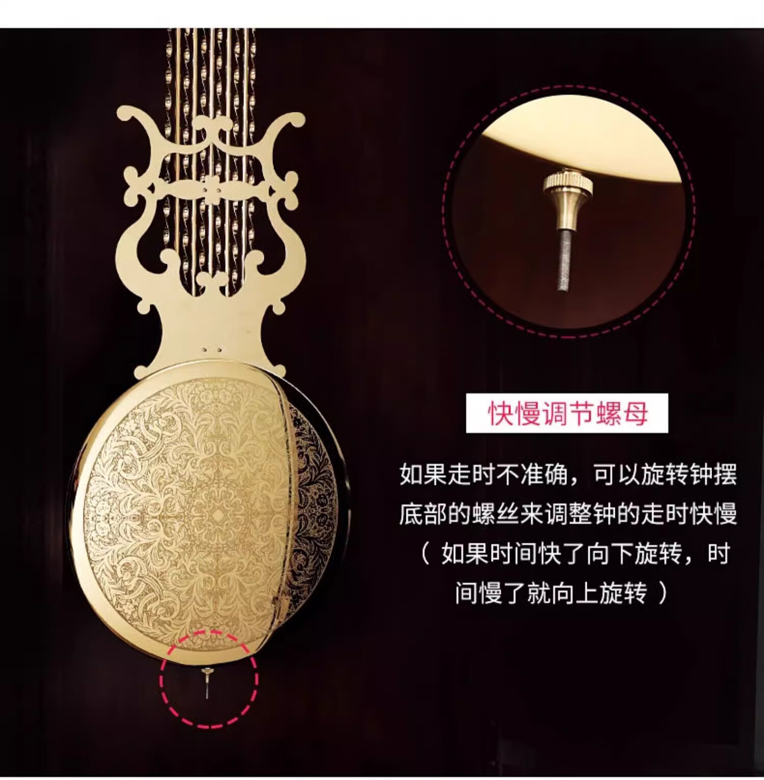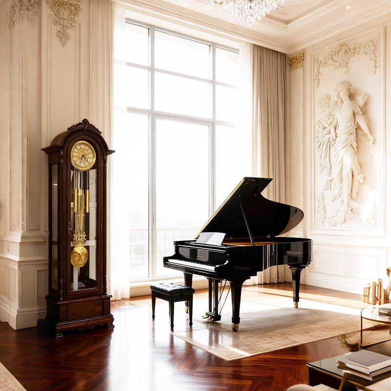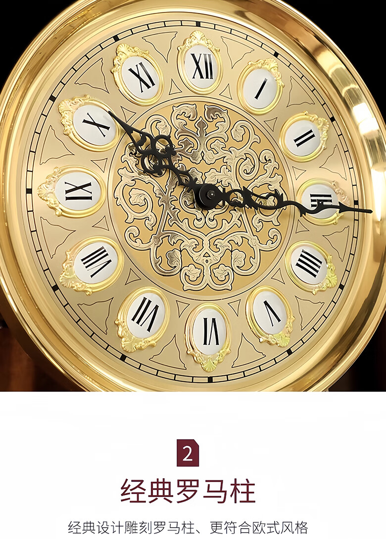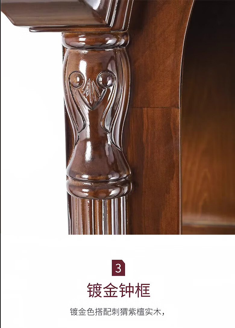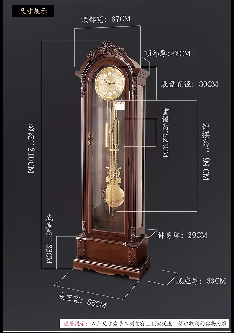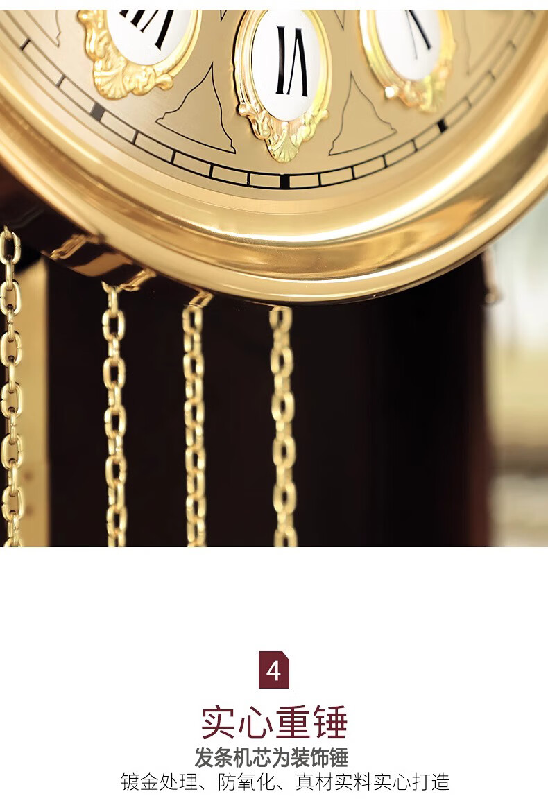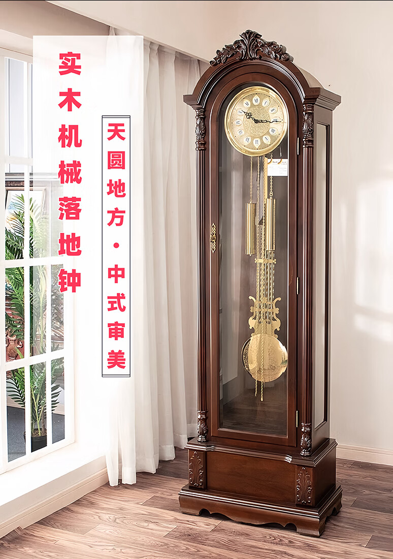 Honghe Tianyuan place solid wood floor clock with official hat for villa living room high-end pendulum clock and hall clock with flowers on the bottom. Mahogany color, basswood, pattern on the base. Polaris upgraded movement 40 days, sledgehammer swing more grand.
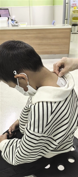 周日,记者在天津中医药大学第二附属医院儿科门诊看到有不少家长带着孩子有序等候。一位带着孩子来贴生长贴的家长告诉记者,儿子已经上小学五年级了,以前不好好吃饭,坚持贴了两次以后,胃口明显打开了,睡觉也好了。在诊室内,记者看到医生先是通过中医手法在儿童背部、腿部等部位找到相应穴位,然后将一个个涂满中药的圆形药贴敷在穴位上。
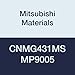 Mitsubishi Materials CNMG431MS MP9005 Carbide CN Type Negative Turning Insert with Hole, Coated, Rhombic 80°, Grade MP9005, 0.5" IC, 0.187" Thick, 0.016" Corner Radius, MS Breaker (Pack of 10)
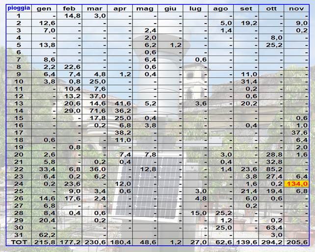 Un novembre da primato per la pioggia in 24 ore e il livello delle falde idriche. Oggi si apre dicembre per puntare al primato annuale dell’umidità.
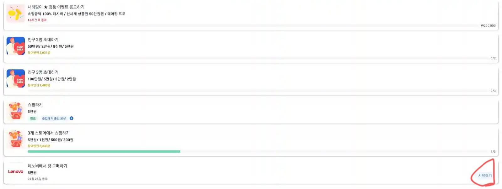 이번 달의 경우 쇼핑을 할 경우 5,000원을 적립해주는 이벤트가 있었습니다.
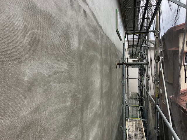 名古屋市新築工事現場では塗り壁のベース工事が完了。
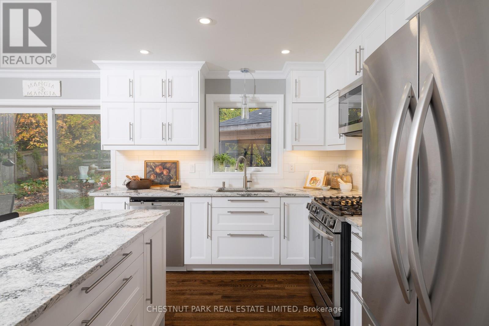 Set in Uxbridge's most coveted neighbourhood, this home is positioned on a private 61x113 ft lot backing onto protected green space. Occupying a premier position at the top of the hill-where rare backyard privacy meets open sky and long views-the addition above the garage becomes a defining feature, allowing a private in-law or young-adult suite to support multi-generational living, or to remain an expansive family great room-a rare way for families to share one roof while easing the cost of living, without sacrificing space or independence. With over 4,000 square feet of finished living space, the home also stands confidently on its own as a substantial single-family residence. Sitting at the heart of the home, the fully renovated kitchen features Cambria quartz countertops, stainless steel appliances, a large centre island, and a dedicated coffee bar and pantry - connecting everyday living with both indoor and outdoor spaces. French doors link the formal living room to a dramatic foyer, where a central skylight brings natural light down through the core of the home. A remodelled main-floor bath (2025) and upgraded laundry room (2025) bring recent updates to two of the home's most used spaces. Upstairs, four well-sized bedrooms and a comfortable great room establish a distinct private level for family and guests. The added loft is complete with vaulted ceilings, skylights, a gas FP, hardwood floors, & a kitchenette/wet bar. A second-level balcony extends along the back of the addition, offering separate access and pretty views. Throughout the home, restored oak hardwood floors (2020), smooth ceilings, pot lights, and new windows (2023), speak to the level of care invested over time. The finished basement offers a 5th bedroom, bathroom & games room. Just steps from the Quaker Trail and mins from Uxbridge's off-leash dog park, schools, and historic downtown, this home offers rare backyard privacy and elevated views within one of the town's most established pockets. (41927762)
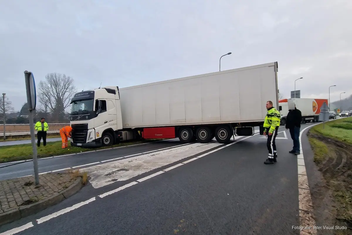 Het lijkt erop dat de chauffeur wilde keren. De trailer staat overdwars over de weg en her spitsverkeer kan er niet langs. De afslag is afgezet voor het verkeer. Er zal een grote vrachtwagen van een berger moeten komen om de combinatie los te krijgen.
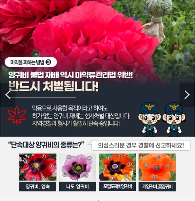 - 양귀비 불법 재배 역시 마약류 관리법 위반! 반드시 처벌됩니다!
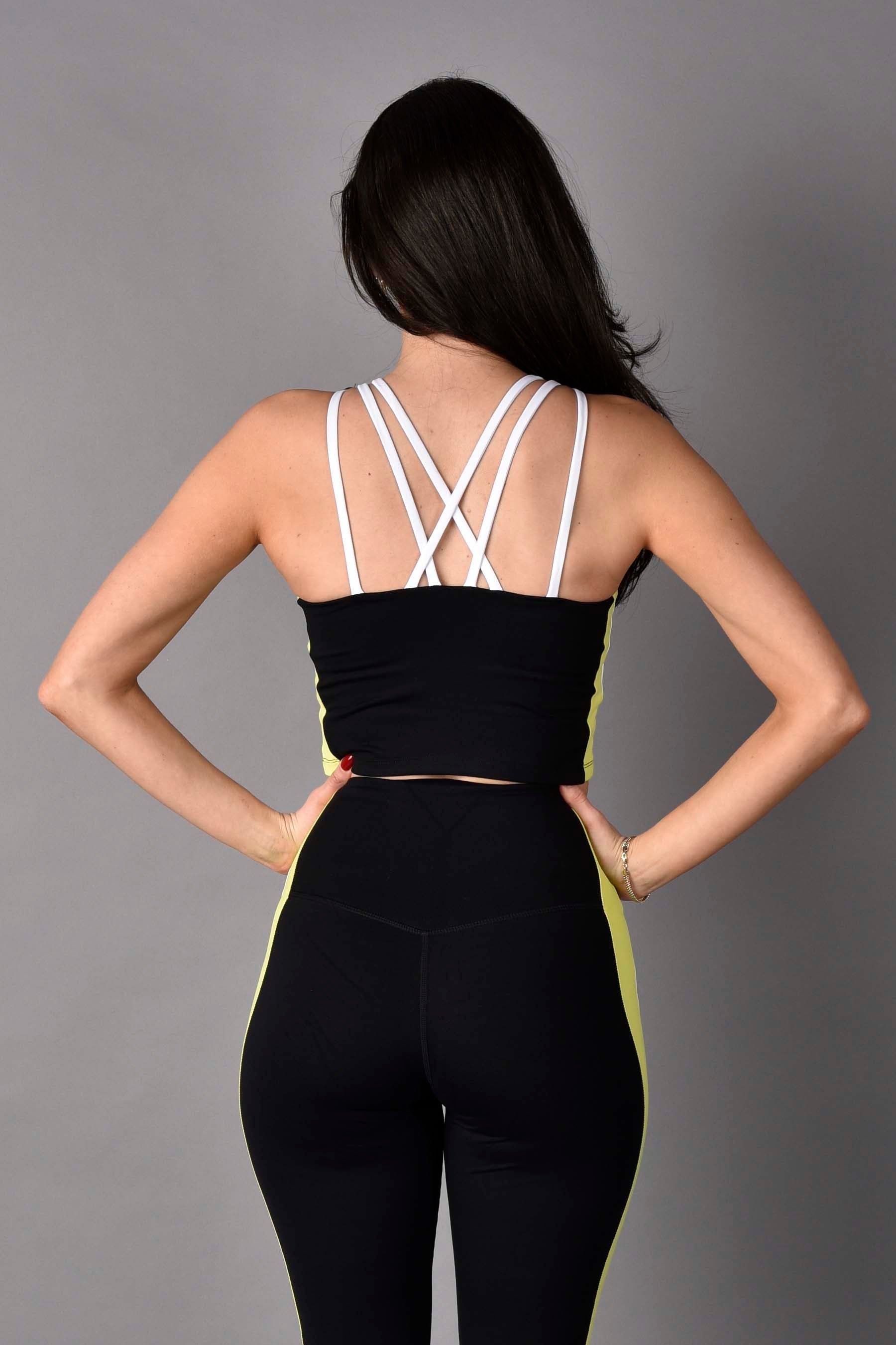 Kyra Matte Luxe High Neck Tank Sports Bra in Black Neon Combo by Wear Love More
■ ■ ■
Problem requirements: What is needed is an exact restatement of every line from the line containing "- 양귀비 불법 재배 역시 마약류 관리법 위반! 반드시 처벌됩니다!" through the last line of the records, minus any pictures.

Result of the task:
 - 양귀비 불법 재배 역시 마약류 관리법 위반! 반드시 처벌됩니다!
 Kyra Matte Luxe High Neck Tank Sports Bra in Black Neon Combo by Wear Love More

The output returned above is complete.